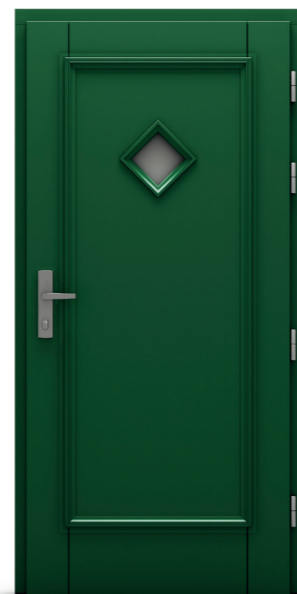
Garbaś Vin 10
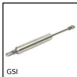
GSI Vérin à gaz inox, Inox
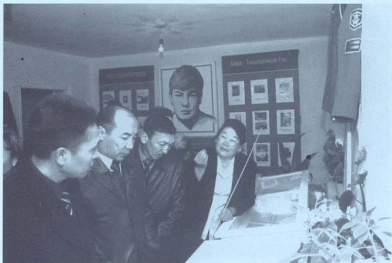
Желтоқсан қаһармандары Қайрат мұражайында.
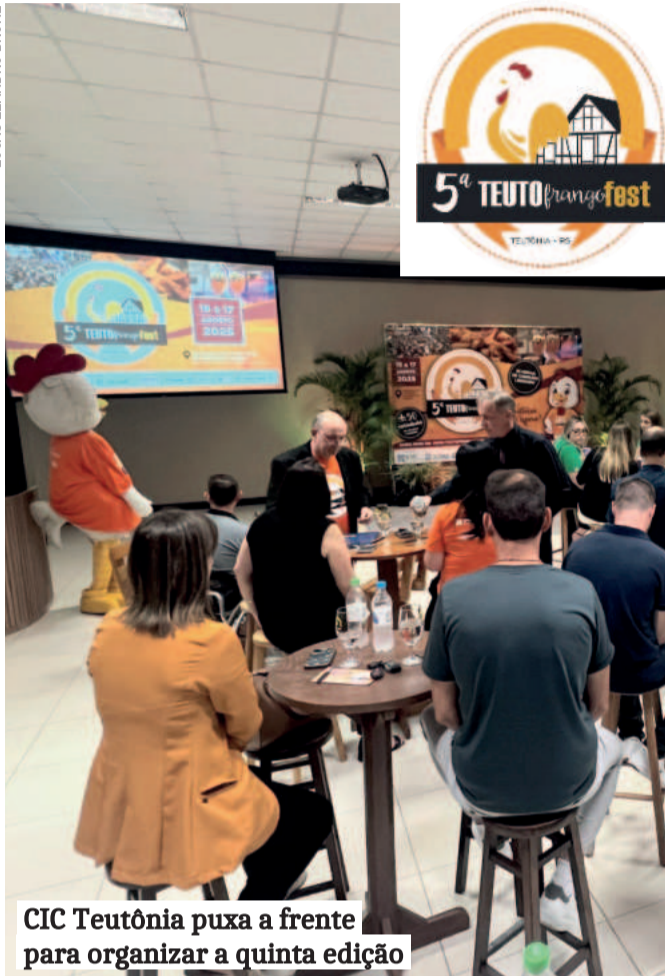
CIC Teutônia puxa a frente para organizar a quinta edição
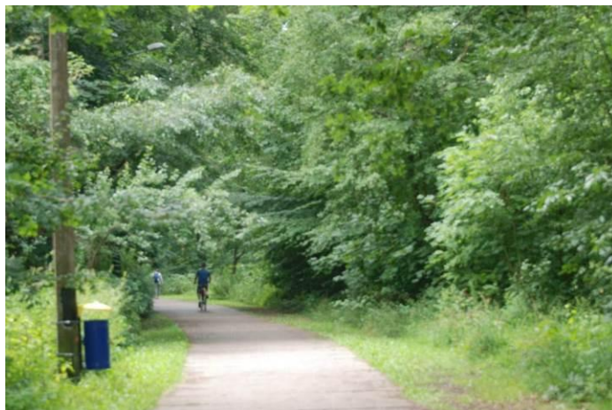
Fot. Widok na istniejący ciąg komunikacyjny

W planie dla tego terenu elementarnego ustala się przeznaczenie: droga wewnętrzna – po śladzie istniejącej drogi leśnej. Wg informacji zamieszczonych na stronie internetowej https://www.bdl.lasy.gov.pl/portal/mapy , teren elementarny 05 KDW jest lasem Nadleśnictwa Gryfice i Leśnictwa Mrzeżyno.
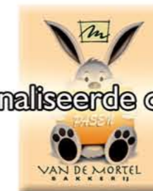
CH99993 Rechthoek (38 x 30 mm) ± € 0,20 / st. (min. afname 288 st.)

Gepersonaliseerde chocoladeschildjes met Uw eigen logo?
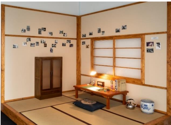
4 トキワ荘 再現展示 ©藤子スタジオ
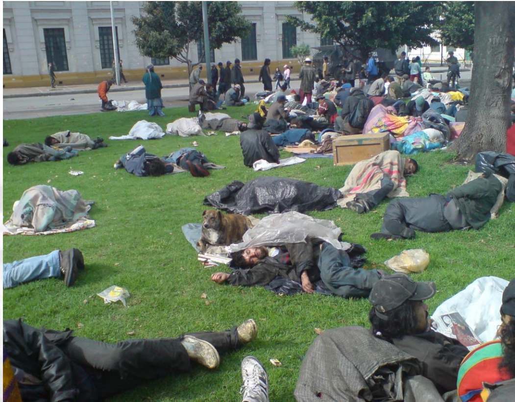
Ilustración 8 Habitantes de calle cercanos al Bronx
-----
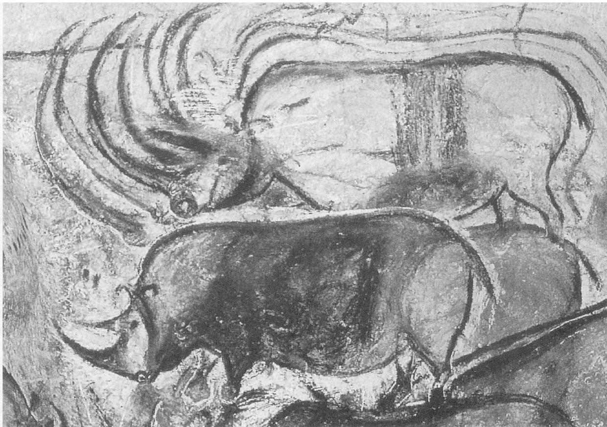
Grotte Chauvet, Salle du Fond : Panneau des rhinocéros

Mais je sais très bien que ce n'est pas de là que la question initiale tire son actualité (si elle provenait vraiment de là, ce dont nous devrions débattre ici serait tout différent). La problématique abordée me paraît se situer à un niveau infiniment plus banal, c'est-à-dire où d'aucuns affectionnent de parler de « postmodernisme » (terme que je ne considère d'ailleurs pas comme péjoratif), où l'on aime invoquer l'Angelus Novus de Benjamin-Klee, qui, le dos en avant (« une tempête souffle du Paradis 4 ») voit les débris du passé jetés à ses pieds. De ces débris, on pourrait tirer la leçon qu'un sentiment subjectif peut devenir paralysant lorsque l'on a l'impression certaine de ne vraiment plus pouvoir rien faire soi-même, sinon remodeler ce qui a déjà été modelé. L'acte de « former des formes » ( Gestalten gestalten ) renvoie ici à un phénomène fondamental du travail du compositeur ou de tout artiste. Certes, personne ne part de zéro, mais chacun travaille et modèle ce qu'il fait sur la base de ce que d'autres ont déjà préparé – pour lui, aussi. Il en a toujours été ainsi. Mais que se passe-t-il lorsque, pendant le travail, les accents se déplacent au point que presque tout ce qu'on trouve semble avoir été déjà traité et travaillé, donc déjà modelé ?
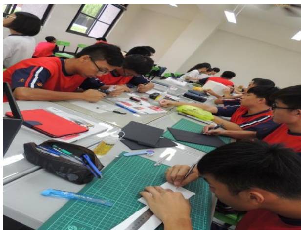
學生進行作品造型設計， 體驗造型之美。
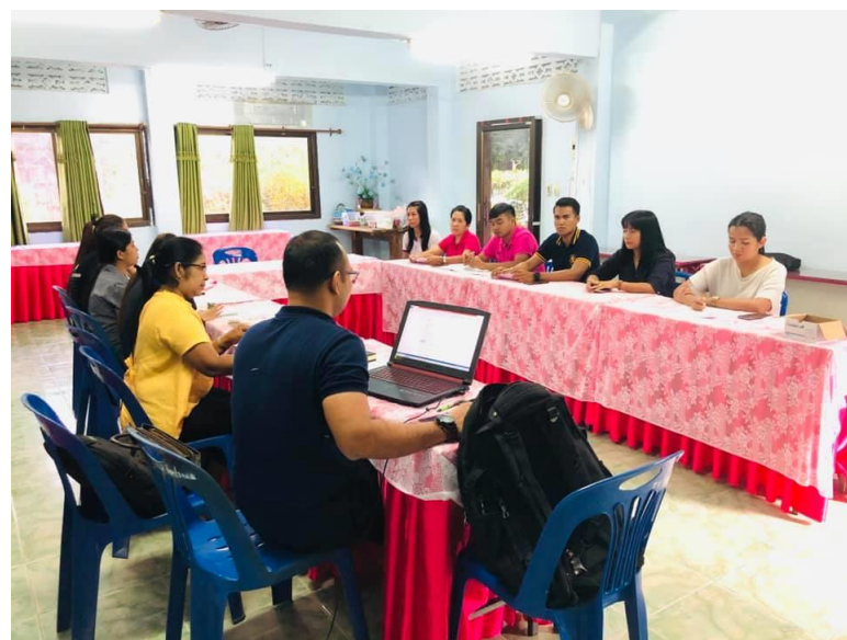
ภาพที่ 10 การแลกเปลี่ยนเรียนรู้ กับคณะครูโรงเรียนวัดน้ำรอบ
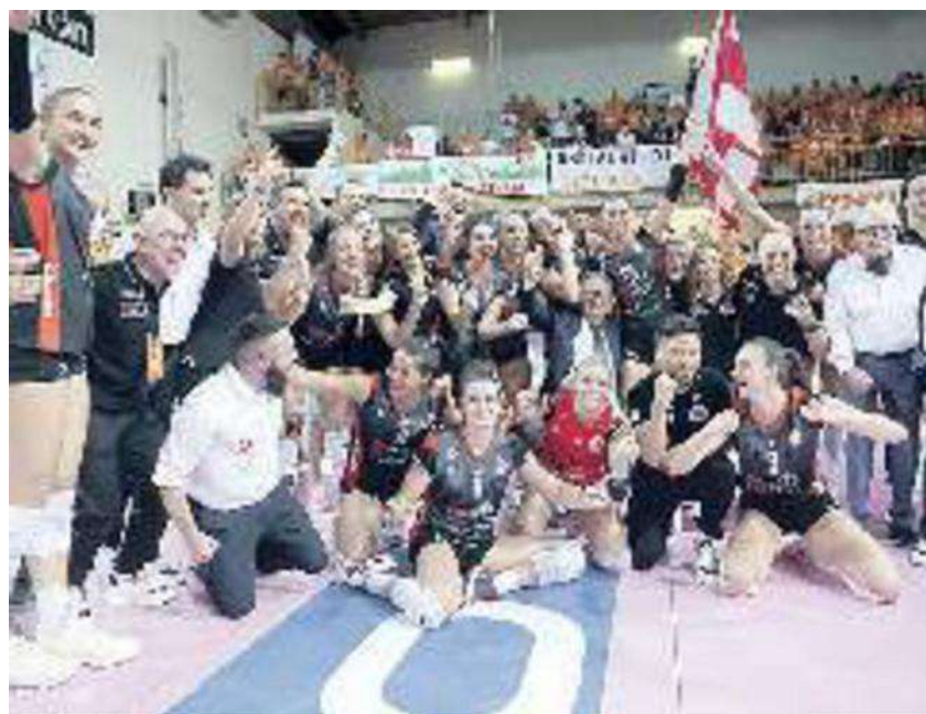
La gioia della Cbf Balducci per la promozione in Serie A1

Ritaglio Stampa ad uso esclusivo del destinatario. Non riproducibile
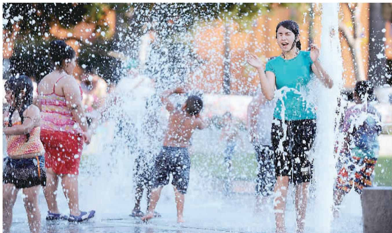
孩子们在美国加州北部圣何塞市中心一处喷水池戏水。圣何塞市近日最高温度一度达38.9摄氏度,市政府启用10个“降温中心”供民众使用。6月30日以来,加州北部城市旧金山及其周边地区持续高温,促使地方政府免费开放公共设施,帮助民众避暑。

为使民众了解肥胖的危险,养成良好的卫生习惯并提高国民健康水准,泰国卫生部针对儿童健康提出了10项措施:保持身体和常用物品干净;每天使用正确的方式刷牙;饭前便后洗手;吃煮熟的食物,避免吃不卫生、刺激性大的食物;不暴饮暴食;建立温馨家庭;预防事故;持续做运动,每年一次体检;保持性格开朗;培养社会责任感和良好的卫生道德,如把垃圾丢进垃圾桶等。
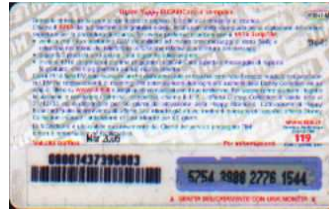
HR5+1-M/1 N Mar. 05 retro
-----
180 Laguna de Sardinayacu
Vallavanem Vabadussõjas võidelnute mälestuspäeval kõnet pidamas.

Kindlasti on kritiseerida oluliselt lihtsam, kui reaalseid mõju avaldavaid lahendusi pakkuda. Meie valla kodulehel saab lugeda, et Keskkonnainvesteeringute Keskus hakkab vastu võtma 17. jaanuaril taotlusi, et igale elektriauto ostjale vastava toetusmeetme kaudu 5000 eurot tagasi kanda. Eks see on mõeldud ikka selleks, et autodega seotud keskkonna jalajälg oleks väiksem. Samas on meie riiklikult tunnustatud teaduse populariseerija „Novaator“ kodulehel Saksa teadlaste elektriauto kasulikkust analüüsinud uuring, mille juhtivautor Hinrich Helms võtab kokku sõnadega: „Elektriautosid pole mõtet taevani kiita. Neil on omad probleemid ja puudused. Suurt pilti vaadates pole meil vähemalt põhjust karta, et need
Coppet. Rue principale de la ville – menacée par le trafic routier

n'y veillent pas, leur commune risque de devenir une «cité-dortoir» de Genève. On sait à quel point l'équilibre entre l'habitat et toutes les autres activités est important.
-----
ASSIGNMENT
Starting at the line with "Garbaś Vin 10" and finishing at the line with "Ilustración 8 Habitantes", copy the material above exactly, both lines included. Nothing else goes in, and no pictures.

TASK ANSWER
Garbaś Vin 10
GSI Vérin à gaz inox, Inox
Желтоқсан қаһармандары Қайрат мұражайында.
CIC Teutônia puxa a frente para organizar a quinta edição
Fot. Widok na istniejący ciąg komunikacyjny

W planie dla tego terenu elementarnego ustala się przeznaczenie: droga wewnętrzna – po śladzie istniejącej drogi leśnej. Wg informacji zamieszczonych na stronie internetowej https://www.bdl.lasy.gov.pl/portal/mapy , teren elementarny 05 KDW jest lasem Nadleśnictwa Gryfice i Leśnictwa Mrzeżyno.
CH99993 Rechthoek (38 x 30 mm) ± € 0,20 / st. (min. afname 288 st.)

Gepersonaliseerde chocoladeschildjes met Uw eigen logo?
4 トキワ荘 再現展示 ©藤子スタジオ
Ilustración 8 Habitantes de calle cercanos al Bronx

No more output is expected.